Cancer Linked to Aging DNA Repair Ability

Article excerpt

Despite decades of progress in learning how chemicals, sunlight, and other environmental factors can increase one's risk of developing cancer, the reasons that some people develop tumors and others do not remain mysterious.

Now, researchers studying people with skin cancer have found new evidence that individuals differ not just in their susceptibility to these factors, but also in their ability to fix damaged genes. In addition, adults lose about 1 percent of their capacity to repair DNA each year, says Lawrence Grossman, a molecular biologist at Johns Hopkins University in Baltimore.

This loss may help explain why aging is a risk factor for cancer, adds Qingyi Wei, a molecular epidemiologist at Johns Hopkins.

Wei, Grossman, and their colleagues studied 88 people with basal cell carcinoma, an easily observed and readily treated cancer. The researchers also looked at DNA repair in 135 individuals with mild skin problems but not skin cancer. All study participants were Caucasians between the ages of 20 and 60. Researchers took blood samples and medical histories from them and asked questions about the number of severe sunburns they had had and the incidence of cancer in their families. Dermatologists evaluated the participants' skin condition.

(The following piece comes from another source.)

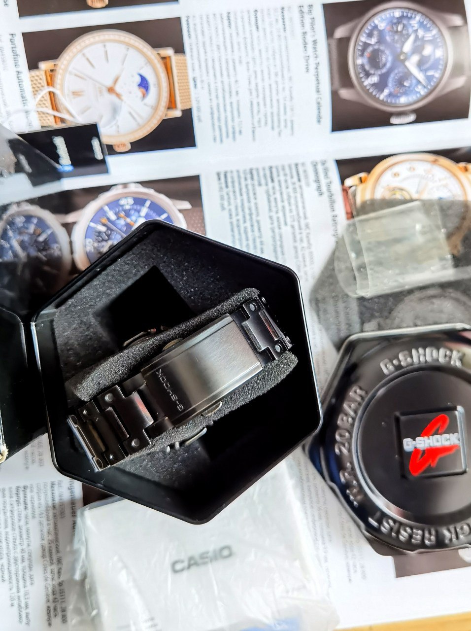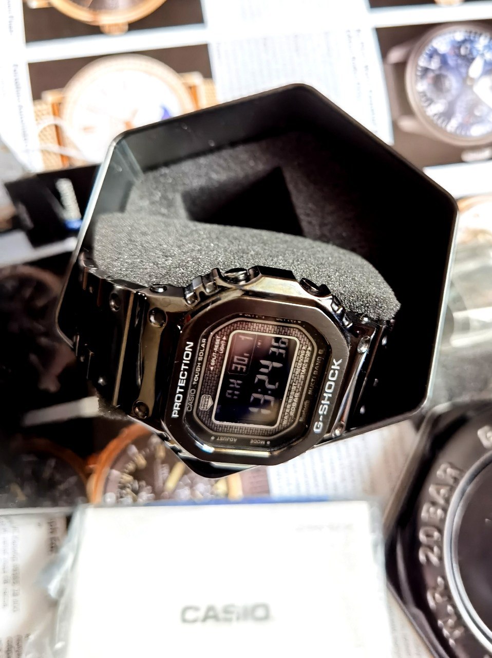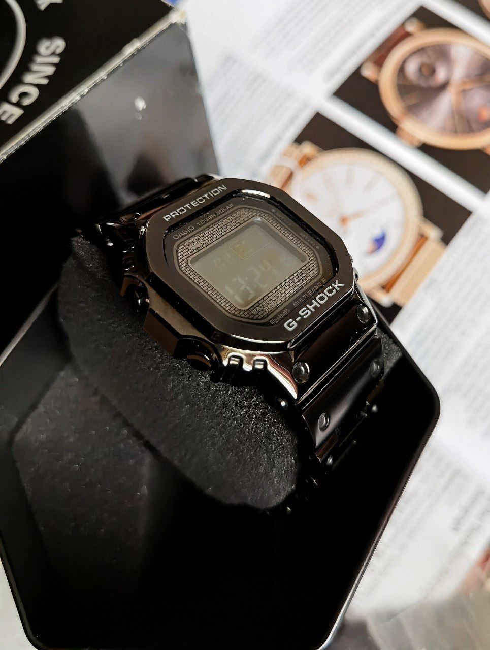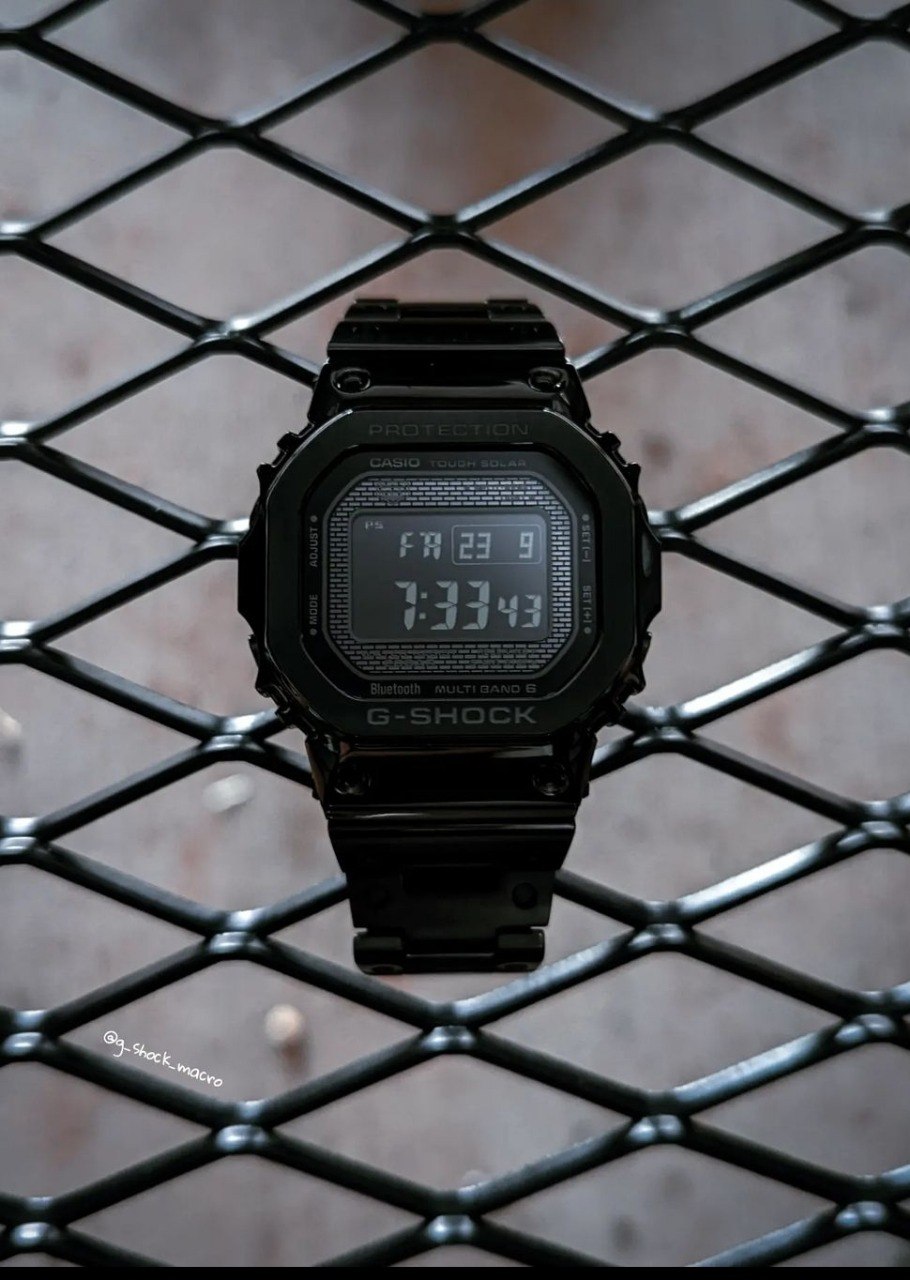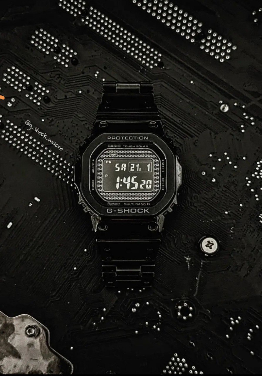 Браслет и корпус полностью выполнены из стали с сохранением всех прочностных характеристик, которыми могут похвастаться джишоки. Серия GMW-B5000 задумана японцами как дань уважения DW-5000 — самым первым в истории G-Shock-ам. Дизайн циферблата спроектирован таким образом, чтобы максимально точно повторить внешний вид оригинала. Между металлическим безелем и корпусом есть плотная полиуретановая прокладка, выполняющая роль демпфера при сильных ударах и вибрациях. Усиленное крепление браслета с прочными штифтами и дополнительными выступами улучшают его надежность. Электронный дисплей выполнен по технологии STN — теперь с лучшей читаемостью при любом угле обзора. Автоматическая коррекция времени производится двумя способами — радиосинхронизация и Bluetooth-соединение со смартфоном. Все настройки часов доступны на экране телефона в специальном приложении G-Shock Connect — теперь не нужно разбираться с функциями кнопок.

The researchers then take an unusual approach to assessing an individual's ability to fix broken genes, Grossman says. They inject a small piece of genetic material into white blood cells extracted from each participant. The genetic material contains a mutant bacterial gene that normally codes for an enzyme the white blood cells never make. If the cells fix the gene, the gene then causes the cells to produce the enzyme. Forty hours later, the researchers measure the activity of that enzyme, which signals how well the cells have mended the gene.

The study revealed that young people with this skin cancer had the repair capacity of someone 30 years older. …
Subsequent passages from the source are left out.